(Collected data entries)
=====

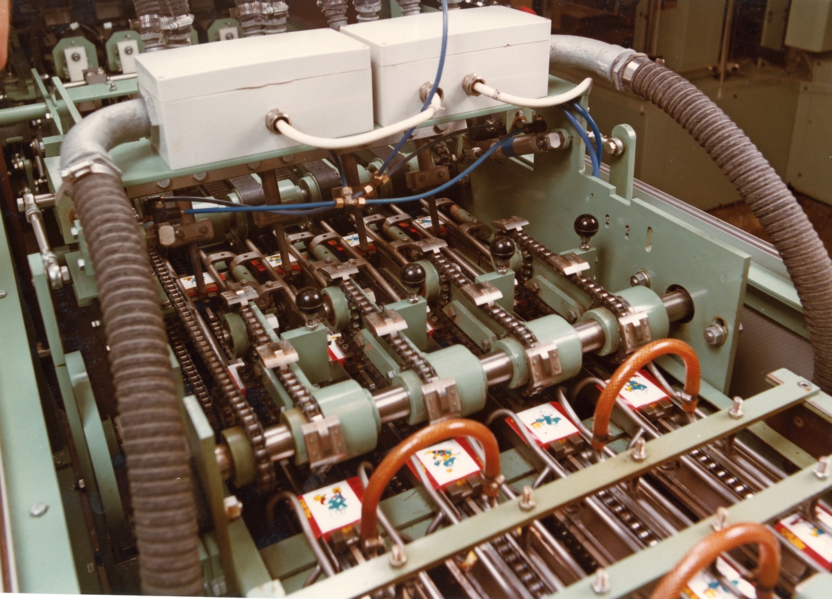 Packningsmaskin, Shuur. Vikning och limning av Smurfaskar "askämnen" innan pastillena fylls i askarna för att sedan cellofaneras och packas i tråg.
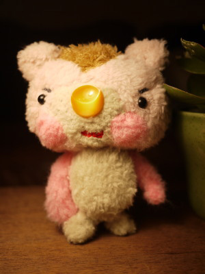詳細:赤い大ボンボンのボディに、ボンボン小を三段重ねにしたジャバラっぽい脚の根性ロボットです。傾けると目がぐりんぐりん動きます。頭の上に乗っているのはプロペラではなく、お花の帽子です。「ロボットの私にポンコと名付けるとは、悪意を感じるのです!名付け直しを要求するです!」と憤っています。良くできる子っぽい名前を授けてやってください。
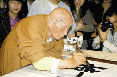 本焕老和尚卷起衣袖写字,字字铿锵有力(图片来源:深圳弘法寺 摄影:张定平)
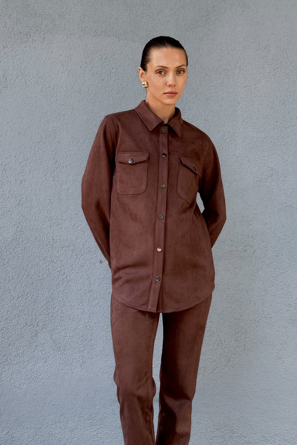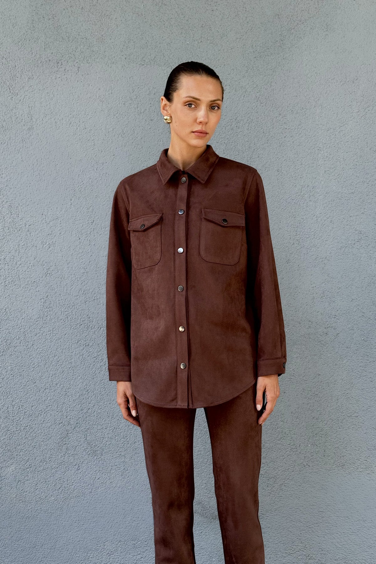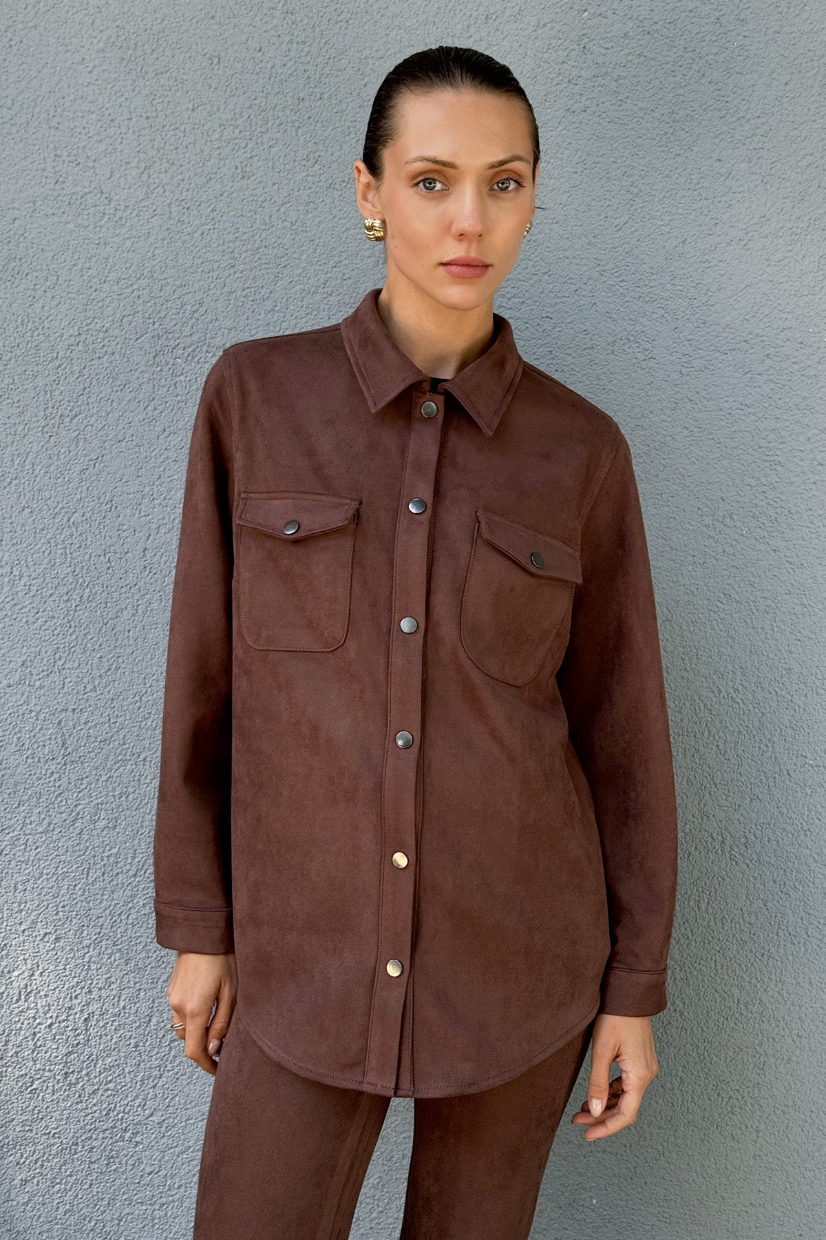 Kahve Kadın Süet Bol Kalıp Gömlek Ceket
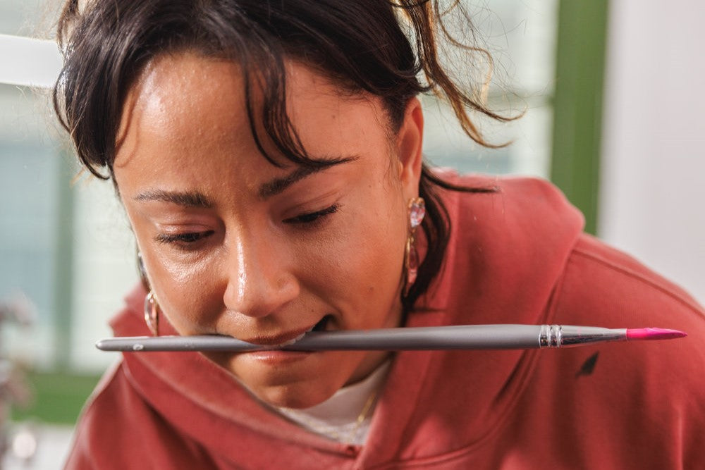 A longtime fan of Liquitex Basics, COVL lives to push herself out of her comfort zone and believes it’s at the heart of creative evolution. Constantly exploring different surfaces, scales and media, she shifts from virtual to physical. Her first self produced multi-city show HOMESICK, explored the nuances of healing and the power of rewriting our histories through a larger-than-life lens. COVL is currently artist in residence at Industry City, Brooklyn, where she's facilitating and programming events
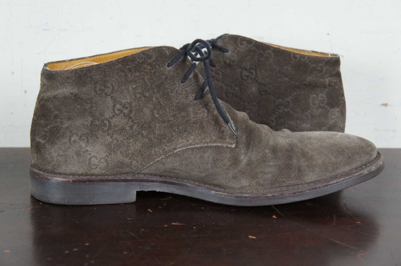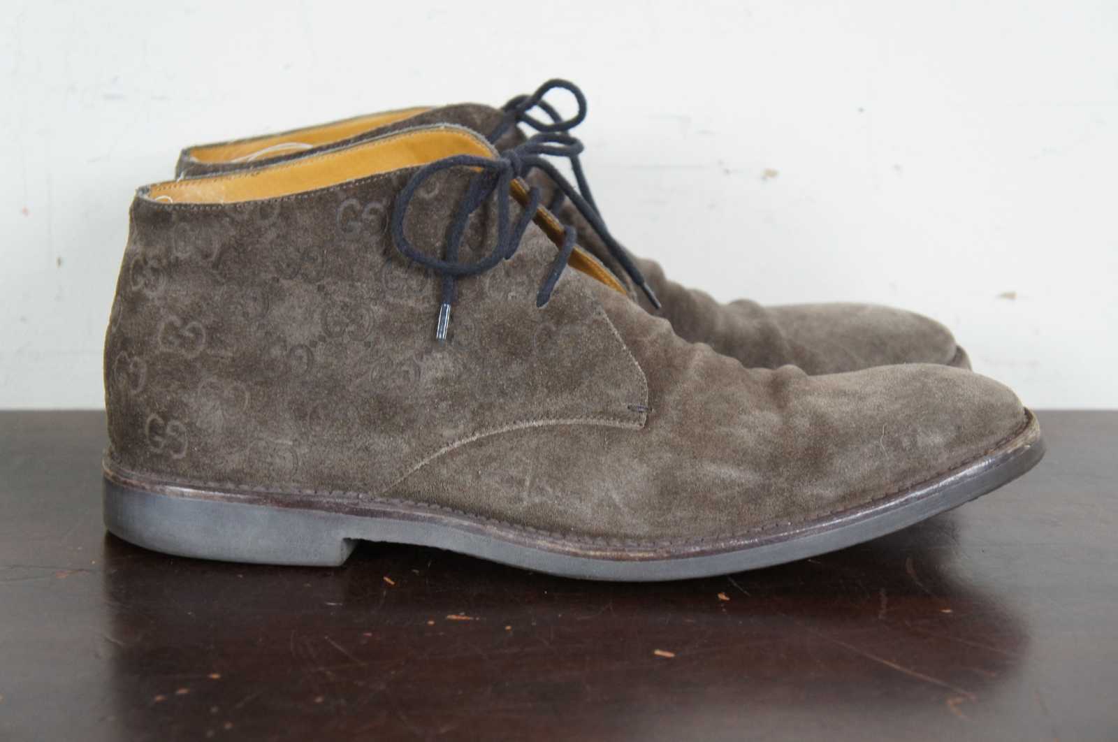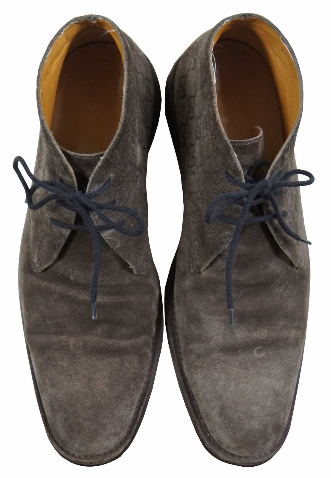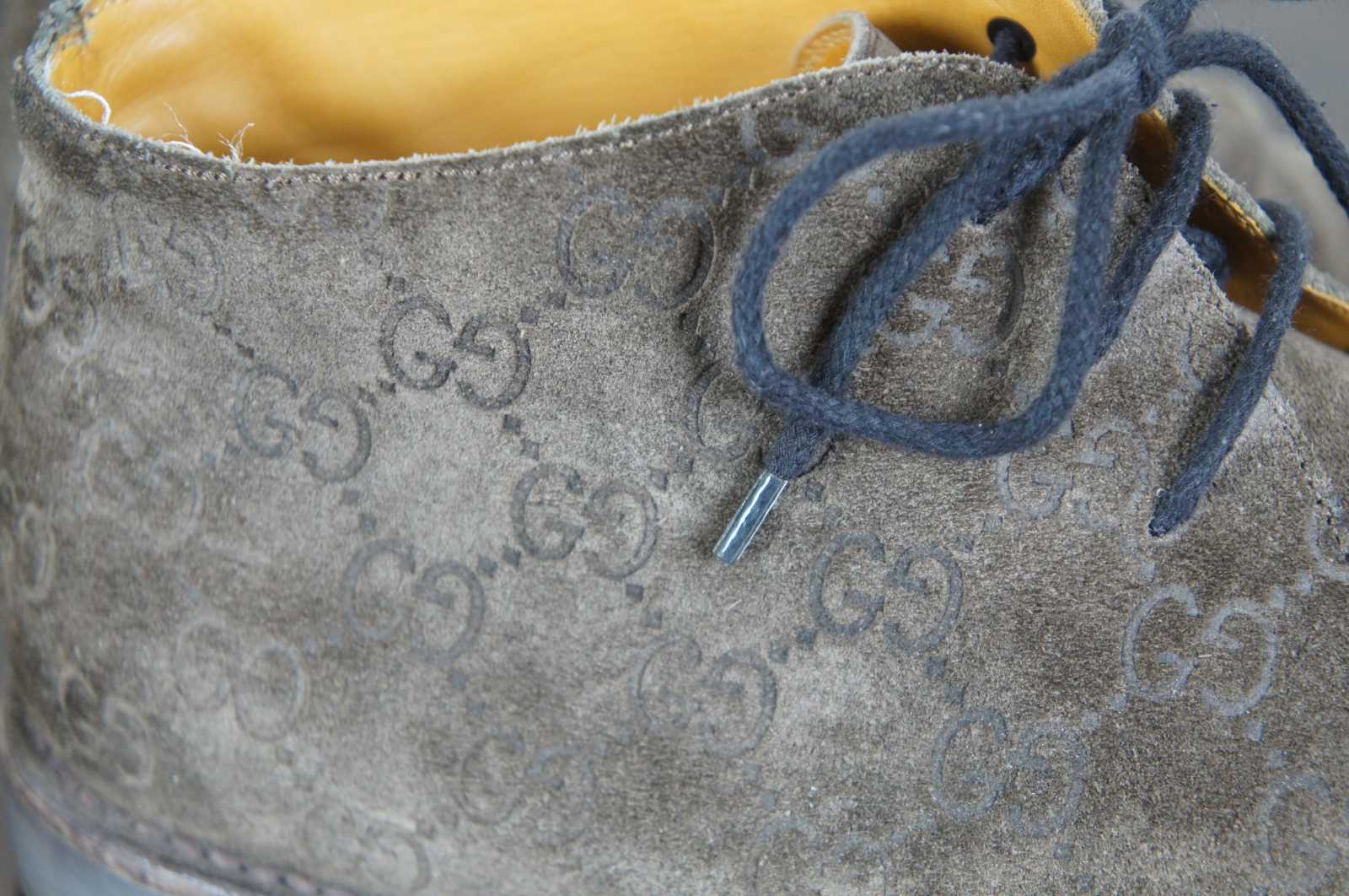 Gucci men’s lace up ankle boot 147548 in Antiqua Suede monogrammed leather, color Smoke (beige).

=====

» Aim of the task:
Starting at the line that contains "Kahve Kadın Süet Bol Kalıp Gömlek Ceket" and ending with the last line of the data, transcribe every line exactly; skip the pictures.

» Exercise answer:
 Kahve Kadın Süet Bol Kalıp Gömlek Ceket
 A longtime fan of Liquitex Basics, COVL lives to push herself out of her comfort zone and believes it’s at the heart of creative evolution. Constantly exploring different surfaces, scales and media, she shifts from virtual to physical. Her first self produced multi-city show HOMESICK, explored the nuances of healing and the power of rewriting our histories through a larger-than-life lens. COVL is currently artist in residence at Industry City, Brooklyn, where she's facilitating and programming events
 Gucci men’s lace up ankle boot 147548 in Antiqua Suede monogrammed leather, color Smoke (beige).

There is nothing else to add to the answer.